China To Begin Work On Experimental Thorium Salt-Cooled Reactors

By David Dalton
19 June 2014

19 Jun (NucNet): Shanghai’s Institute of Applied Physics will begin construction in 2017 of two Generation IV experimental thorium nuclear reactors – a two-megawatt pebble-bed fluoride salt-cooled reactor and a 2-MW molten salt reactor.

The institute also said it would begin construction of a pilot 10-MW thorium based molten salt reactor in 2025.

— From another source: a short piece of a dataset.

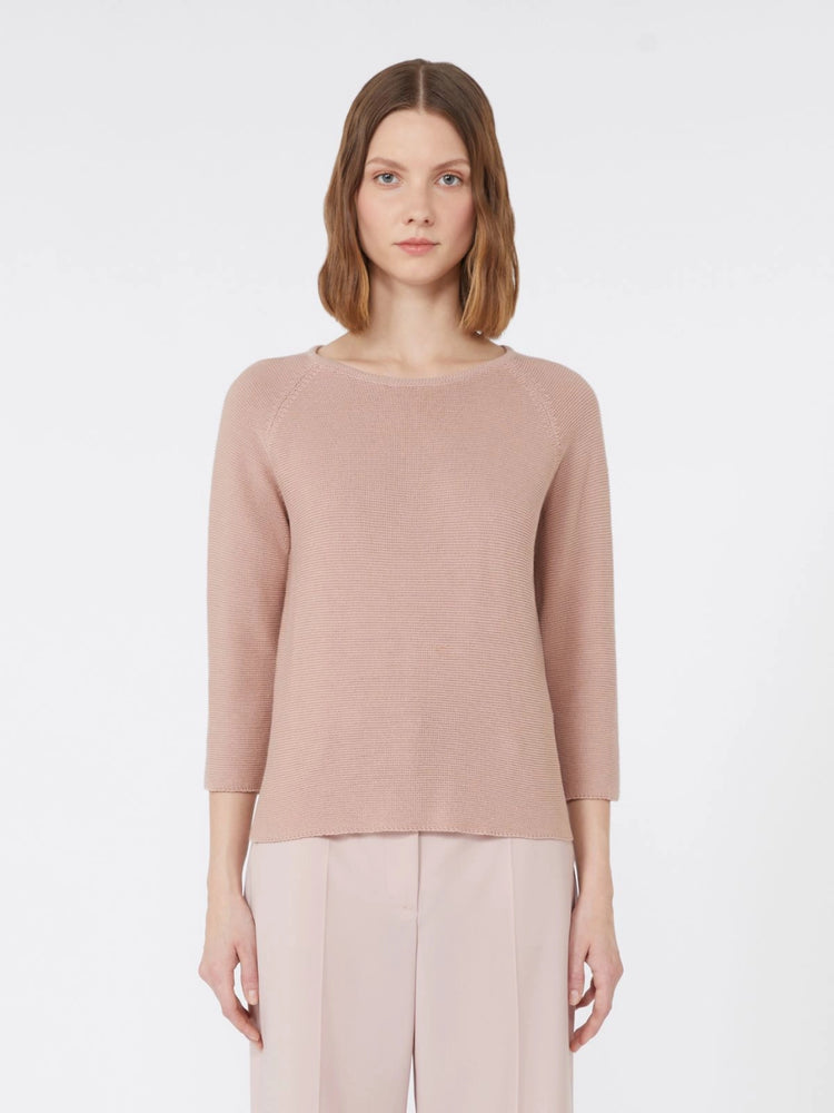 | Knitted in pure cotton with a relaxed fit and link-stitched texture, this sweater offers breathable comfort with structure—its boat neckline, raglan sleeves and raw-cut hem give everyday knitwear a refined edge |

The reactors all use solid thorium-uranium fuel cooled by molten salt and are one of the key reactor technologies identified for research by the Generation IV International Forum, which sees 13 countries and regions collaborate in the development of Generation IV nuclear energy systems.

The pebble-bed fluoride salt-cooled reactor will use a thorium-uranium once-through alternative fuel cycle and the molten salt reactor a thorium-uranium modified open fuel cycle.

According to the London-based Alvin Weinberg Foundation, which supports the development of next generation reactors, molten salt reactors represent “a revolutionary advance” in nuclear energy technology. They have many potential benefits over current nuclear reactors, including generating much smaller quantities of waste, far more efficient fuel use and lower construction costs. They have passive safety features, which ensure safe operation without human or mechanical intervention.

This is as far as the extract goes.